As Wheat said, newer material is not likely to have sheet music included in the document submitted with the copyright registration package. I am a songwriter and have registered my copyright on many of my songs. But these days all I have to submit is a copy of the lyrics and a recorded sound file (such as an MP3) for the music. Before being able to upload MP3 files through the internet, songwriter's and composers could register a copyright on a recorded work by submitting a cassette tape or CD via the mail.
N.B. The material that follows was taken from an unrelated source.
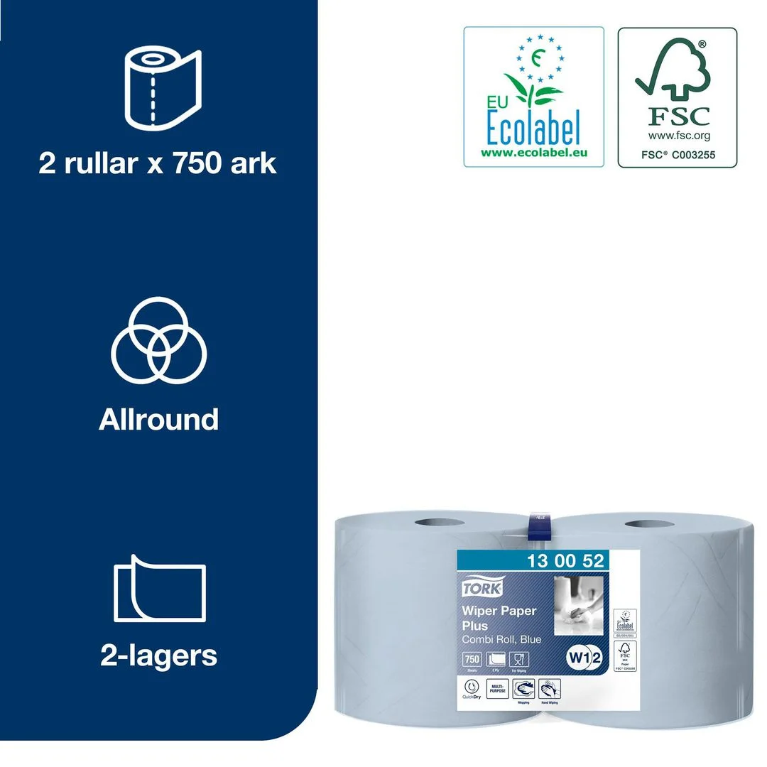 Tørkepapir Plus Maxi Senterrull blå W1/W2. Et allsidig papir som er ideelt for å tørke opp væske og tørke hender.

I am guessing that prior to the ability to register a copyright on a recorded work, that it was more common to submit sheet music or something akin to it. Songs and musical compositions registered with the US Copyright Office are available to the public for a fee. To learn more about how to search what is on file at the US Copyright Office and obtain copies thereof - click this link Obtain Copies from Copyright Office

Obtaining a copy of a song from the copyright office, does not give you authorization or license or the right to use the copyrighted work for commercial purposes - or to reproduce or copy it for distribution to others. But if you use it to learn to play a song at home for your own enjoyment, I think you are safe.

You can purchase sheet music with full music notation for multiple instruments (including piano) from numerous sources. But most of those are arrangements written out by someone who interpreted the original artists or songwriter's work. Many of these arrangements may have been created under license or with permission from the copyright owner, but that still does not mean it was the original songwriter or composer who wrote the score or notation.

In probably more cases than not, the original writer or composer my have never written any sheet music or score for the song (I never do - and neither do any of the song writers I know) - so the only thing that will ever be available is sheet music created by someone who interpreted the song and arranged it according to what they hear in a recording.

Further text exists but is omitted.